■ TASK STATEMENT ■
Take the entries that follow and return exactly the lines from the one holding "Fungsi dari menu" through the one holding "The North Face", both included. Nothing else is needed.

■ INFORMATION SUPPLIED ■
____________________

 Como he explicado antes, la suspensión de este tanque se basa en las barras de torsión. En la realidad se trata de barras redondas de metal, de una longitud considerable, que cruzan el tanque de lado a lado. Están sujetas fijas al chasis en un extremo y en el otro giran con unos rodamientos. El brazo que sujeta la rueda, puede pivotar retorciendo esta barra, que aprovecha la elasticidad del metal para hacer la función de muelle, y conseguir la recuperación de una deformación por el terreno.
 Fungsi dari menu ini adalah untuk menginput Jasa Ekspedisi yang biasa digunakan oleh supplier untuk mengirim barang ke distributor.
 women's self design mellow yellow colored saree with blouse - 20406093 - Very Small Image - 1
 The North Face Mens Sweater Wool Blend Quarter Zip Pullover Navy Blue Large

____________________

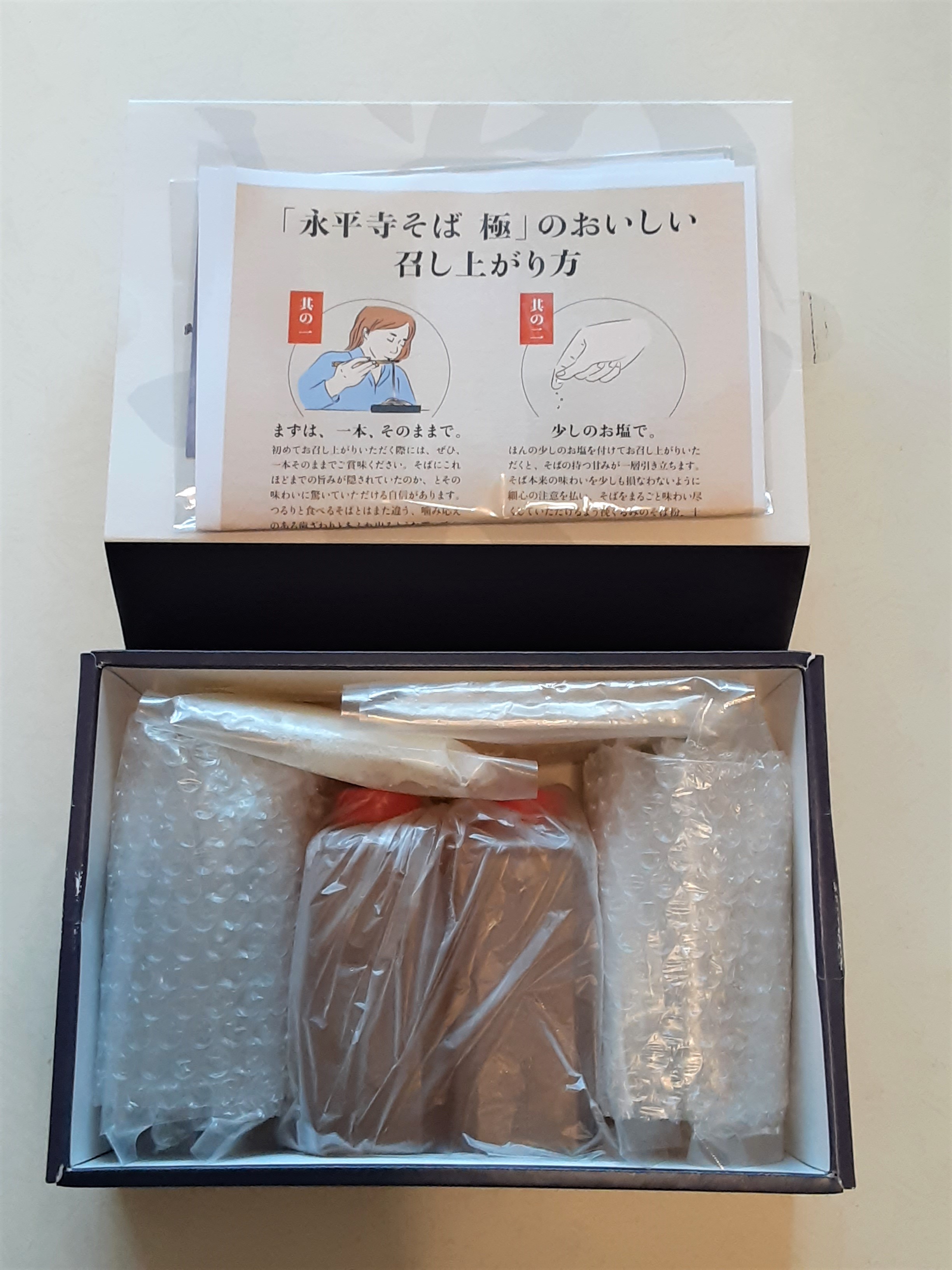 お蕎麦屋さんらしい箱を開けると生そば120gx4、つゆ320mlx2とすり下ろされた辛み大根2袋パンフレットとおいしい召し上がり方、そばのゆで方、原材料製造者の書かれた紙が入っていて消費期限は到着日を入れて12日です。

____________________

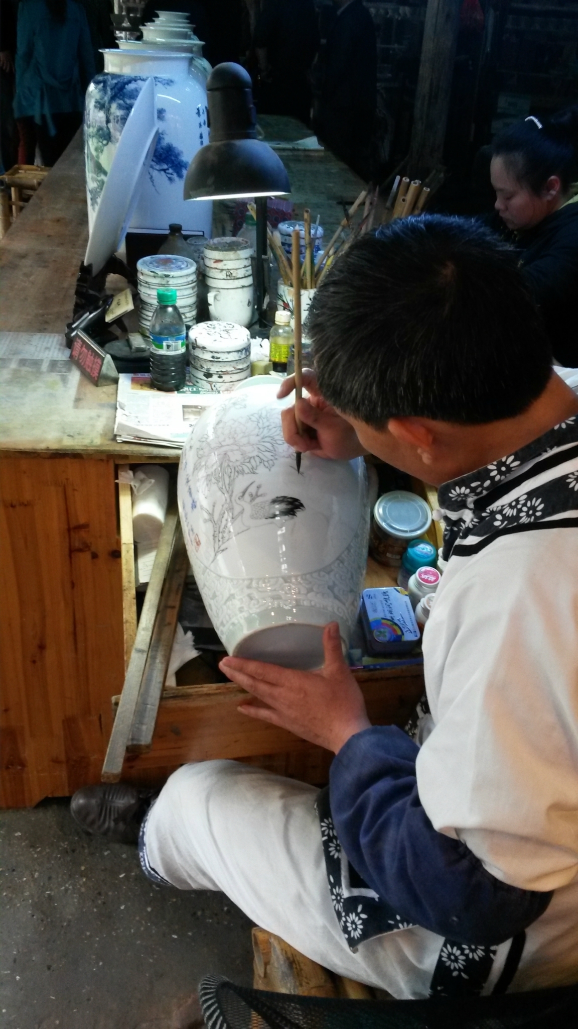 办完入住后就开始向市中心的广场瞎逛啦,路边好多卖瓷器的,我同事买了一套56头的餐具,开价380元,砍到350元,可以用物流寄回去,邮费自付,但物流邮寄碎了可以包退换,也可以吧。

____________________

■ EXERCISE OUTPUT ■
 Fungsi dari menu ini adalah untuk menginput Jasa Ekspedisi yang biasa digunakan oleh supplier untuk mengirim barang ke distributor.
 women's self design mellow yellow colored saree with blouse - 20406093 - Very Small Image - 1
 The North Face Mens Sweater Wool Blend Quarter Zip Pullover Navy Blue Large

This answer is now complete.